Речь идёт прежде всего об авторском языке, о
котором хорошо сказал когда–то Лесков: «В писателе чрезвычайно ценен его
собственный голос, которым он говорит в своих произведениях от себя.
Если его нет, то и разрабатывать, значит, нечего».
Советская литература, к счастью, восприняла все
лучшее из старой классики, в том числе её заветы и достижения в языке.
Произведения Горького и Маяковского, Блока и Есенина, Пришвина, Шолохова
и Твардовского всегда будут гордостью нашей культуры. Можно назвать и
других прекрасных мастеров неувядающего слова, что работали и работают в
литературе. Приходят в неё интересные молодые писатели, наследующие
опыт предшественников.
Если молодые заставляют и немало тревожиться за
них, тревога возникает обычно там, где литератор не утруждает себя
поиском и отбором весомых слов или идёт не от подлинной жизни, когда
язык его вымучен, худосочен — лишён той самой народности, которая всегда питала истинную литературу.

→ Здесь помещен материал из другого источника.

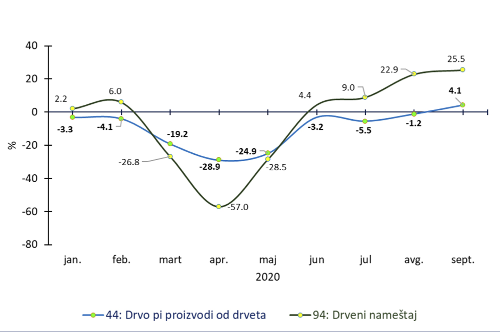 Koliko je bio jak uticaj pandemije COVID-19 na globalnu trgovinu drvetom i proizvodima od drveta najbolje pokazuju podaci o padu izvoza i uvoza po pojedinim kvartalima 2020. Poređenja su rađena u odnosu na iste kvartale 2019. godine. Najveći pad izvoza zabeležen je u drugom kvartalu 2020. godine u iznosu od 16,5%. U prvom i trećem kvartalu 2020. godine zabeležen je takođe pad izvoza od 11,1% i 0,5% respektivno. Jedino je u četvrtom kvartalu ostvaren rast od 8,4% što ukazuje da se globalna trgovina počela oporavljati tek krajem 2020. godine.
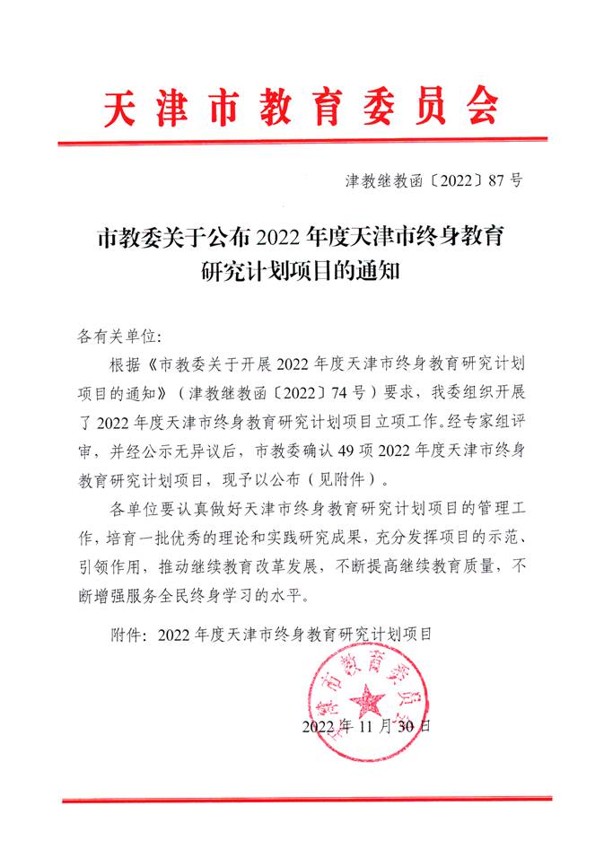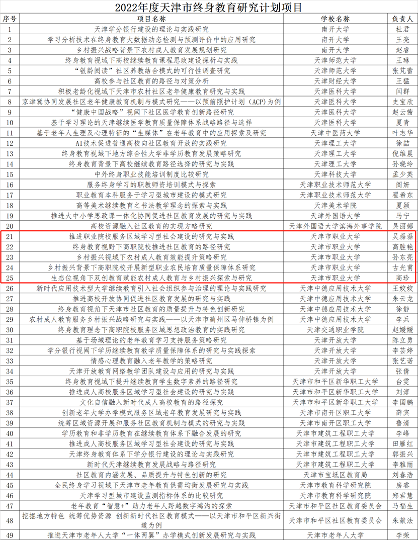 根据《市教委关于公布2022年度天津市终身教育研究计划项目的通知》(津教继教函〔2022〕87号),KY开元获批5项2022年度天津市终身教育研究计划项目,分别为:推进职业院校服务区域学习型社会建设的研究与实践、终身教育视野下高职院校推进社区教育的路径研究、乡村振兴视域下农村成人教育效能提升策略研究、乡村振兴背景下高职院校开展新型职业农民培育质量保障体系研究、生态位视角下双创教育赋能农村成人教育与乡村振兴探索与研究。

По долгу службы мне приходится постоянно читать
новые рукописи. Больше всего — молодых литераторов, пусть и таких,
которые выпускают уже книжки в местных или центральных издательствах,
печатаются в журналах, приняты в члены Союза писателей.
И радостно и тревожно.
Радость — если чувствуешь у автора знание хотя бы
небольшого участочка жизни, если он оказывается по-детски
любопытствующим и к тому же — по–взрослому наблюдательным: усваивает не
только специальные, «производственные» слова, а и чёрточки быта, их
окружающего, и особенности характеров, языка. В их рассказах — уверенная
способность живо передать увиденное, высказать суд свой обо всём, что
привлекло внимание. И слово, пусть негромкое, — своё, не «заезженное»,
от сердца идущее, силой народной напитанное, и говорится с душой и со
смыслом.
Тревога — когда молодой сочинитель, что называется,
нахрапом прёт в литературу, ничего за собой не имеючи —• ни жизни
всерьёз не изведав, ни мысли дельной, ни чувства и ни слова живого
ниоткуда не вынесши. Таких не тревожит ответственность за слово
печатное, художественное, они могут не думать о той копилке свежих
выражений, оборотов, поговорок, характеристик и прочих «частностей»,
которые необходимы каждому писателю, могут не беспокоиться и о законах
языка. Пишут они скучно — худосочным, стёртым языком, ни ум, ни сердце
не трогающим, не передающим увиденное во всём своеобразии.
Нет нужды ни острословить по поводу языковых бед или ошибок молодых литераторов, ни поучать, но говорить о них надо.